I don’t have any photos or other sentimental keepsakes in my wallet. As far as I recall, I have never felt the need to hold such items on my person at all times, unless you count the period in my early twenties when I couldn’t bring myself to throw away a business card I once found placed under the windshield wiper of my car when I lived in Chicago.

The front of the card advertised an automotive enterprise of some sort. On the back, a secret admirer had written in blue ink something like:

Hey Arkansas! [I still had an Arkansas license plate at the time.] You’re pretty cute. Call. I was the guy who [and then he mentioned some traffic-related interaction I didn’t remember at the time and certainly don’t recall now].
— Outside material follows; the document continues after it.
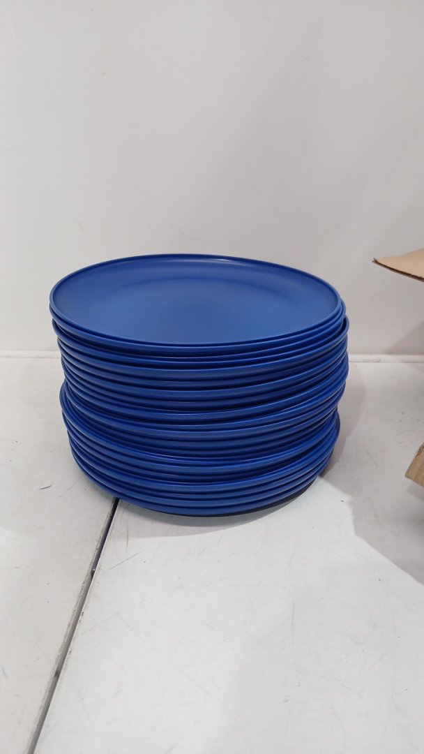 24PK ROOM essentials plastic dinner plate - 10" - blue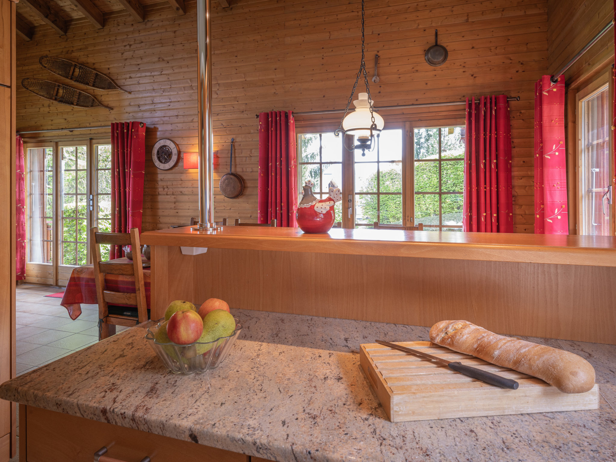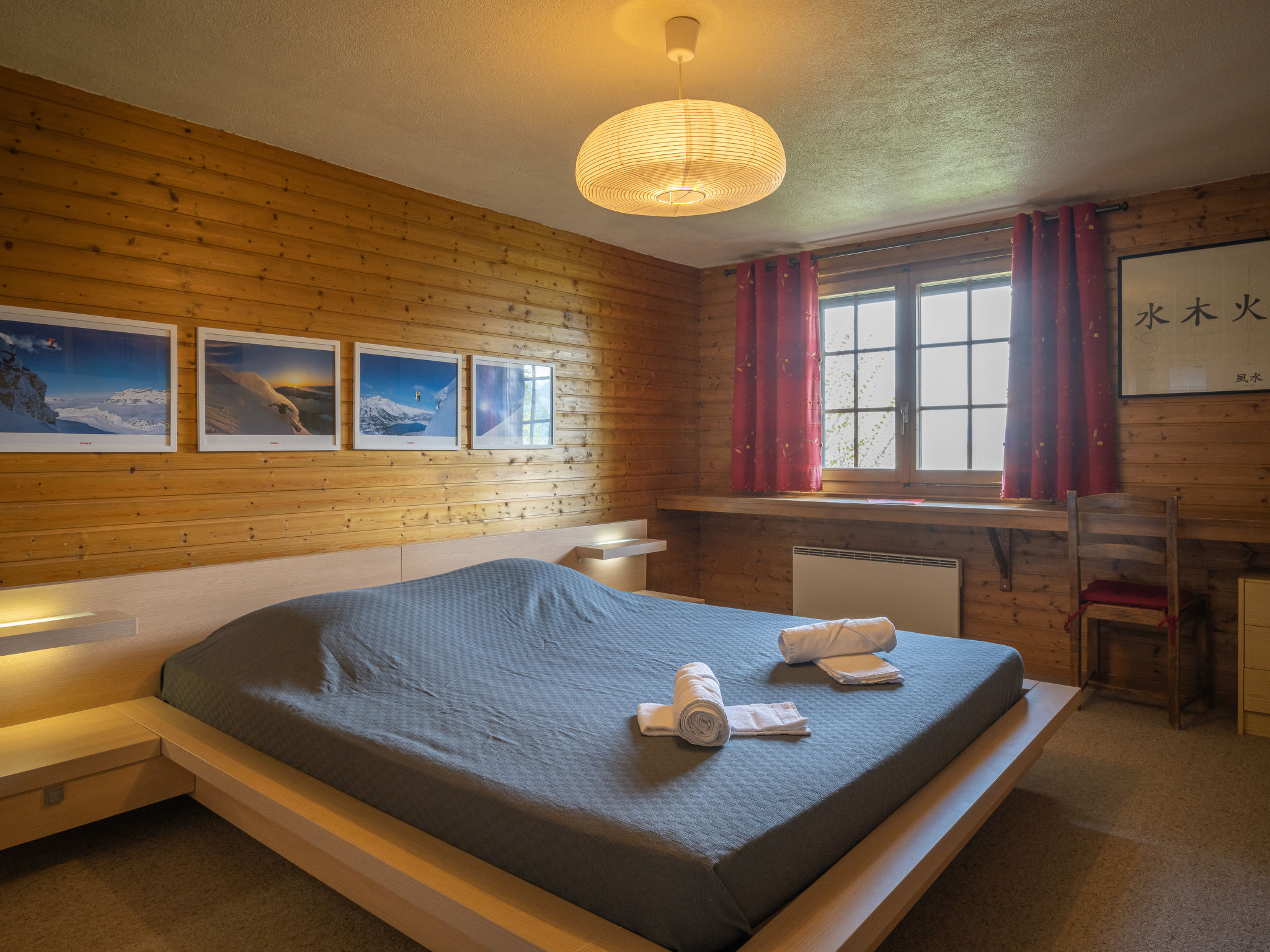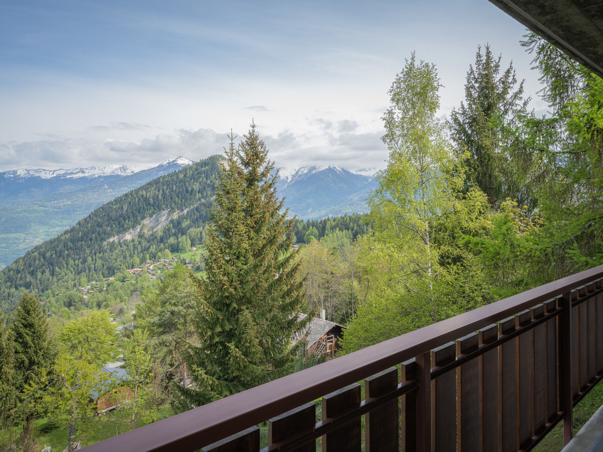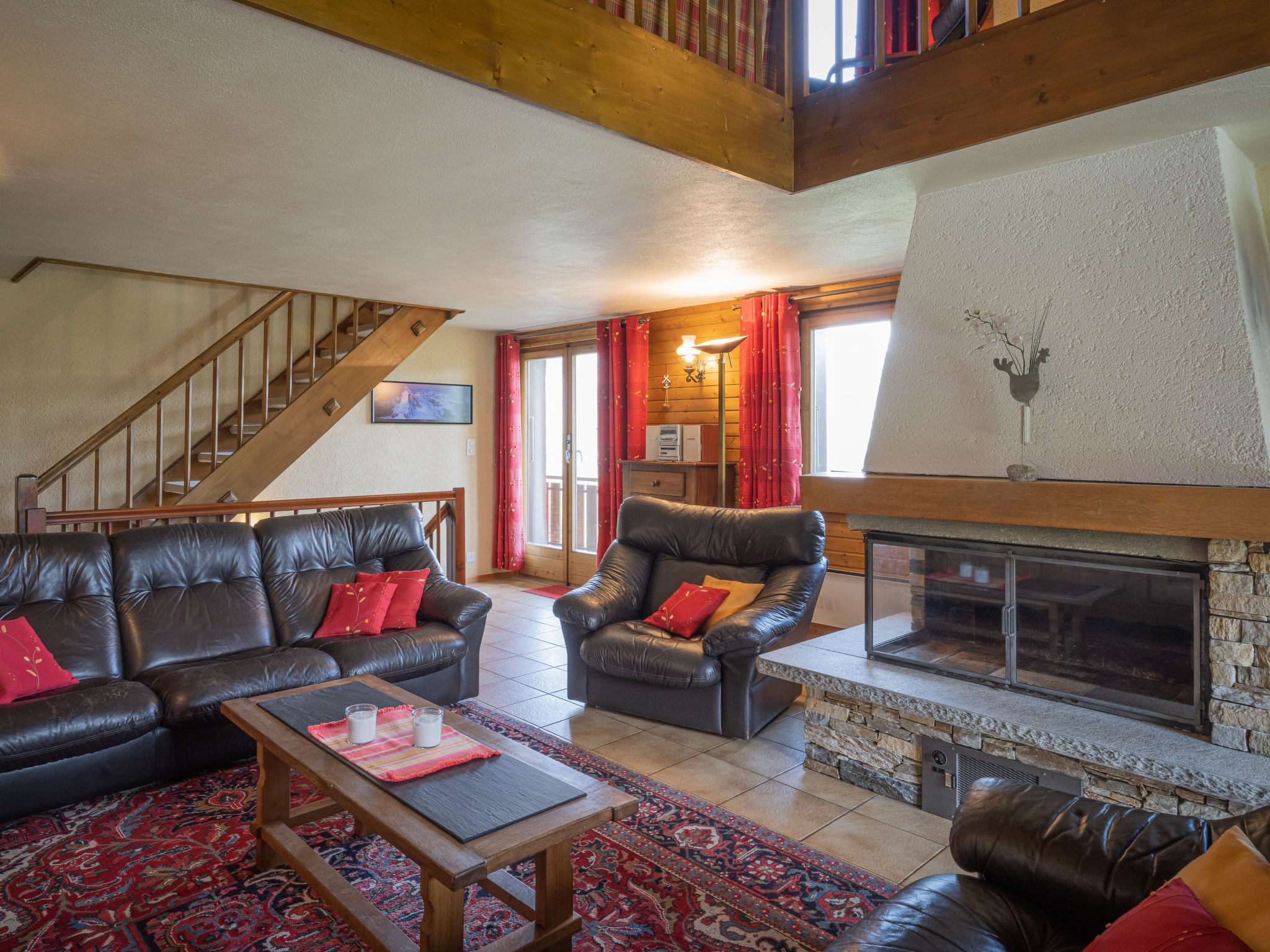 "Falaises", 5-Zimmer-Chalet 200 m2 auf 4 Stockwerken, Südlage. Komfortabel und geschmackvoll eingerichtet: 1 Zimmer mit 1 franz. Bett (160 cm, Länge 200 cm). 1 Zimmer mit 1 franz. Bett (180 cm). 1 Zimmer mit 2 Betten (90 cm, Länge 190 cm). Bad/WC, Doppelwaschbecken. E-Heizung. Unteres Geschoss: 1 Zimmer, ohne Fenster mit 2 Betten (90 cm, Länge 200 cm). Dusche/WC. Obergeschoss: Eingang. Grosses Wohn-/Esszimmer mit Essecke. Ausgang zum Balkon, zur Terrasse. Grosse, offene Küche (Backofen, Geschirrspüler, 4 Induktionskochplatten, Toaster, Wasserkocher, Mikrowelle, elektrische Kaffeemaschine, Kapseln für die Kaffeemaschine (Nespresso) extra, Racletteofen, Fondue Set (Chinoise, Käse)). Sep. WC. 2. Obergeschoss: Galerie mit Kabel-TV, Flachbildschirm, Video, Stereoanlage und DVD. Terrassenmöbel, Gartengrill, Liegestühle (4). Sehr schöne Sicht auf die Berge und das Tal. Zur Verfügung: Waschmaschine, Wäschetrockner, Bügeleisen, Kinderhochstuhl, Babybett, Haartrockner, Wickelkommode. Internet (Wireless LAN, gratis). Bitte beachten: Nichtraucher-Unterkunft.

Though I held onto the card for a while, I never dialed the number on the front. I couldn’t imagine how the ensuing conversation would even begin. Hello, I’m calling because you or possibly one of your coworkers thinks I’m cute and I’d like to parlay that into a gratifying sexual encounter sounds maybe a little too direct.

Still, I do think it’s a shame that I never connected with my anonymous follower in person. We probably would have made a fine match, given my mental image of a gay auto mechanic (I picture Marlon Brando in The Wild One) and my weakness for words of affirmation. After all, that’s my secondary love language (following quality time).

As for what I had to offer in this imaginary love affair, well, I refer you to the aforementioned masochistic tendencies.

But hey, everything worked out and I ended up with a spouse anyway. And on most days, I prefer the flesh-and-blood reality to any conjectured might-have-beens. For starters, might-have-beens can’t add you to their health insurance.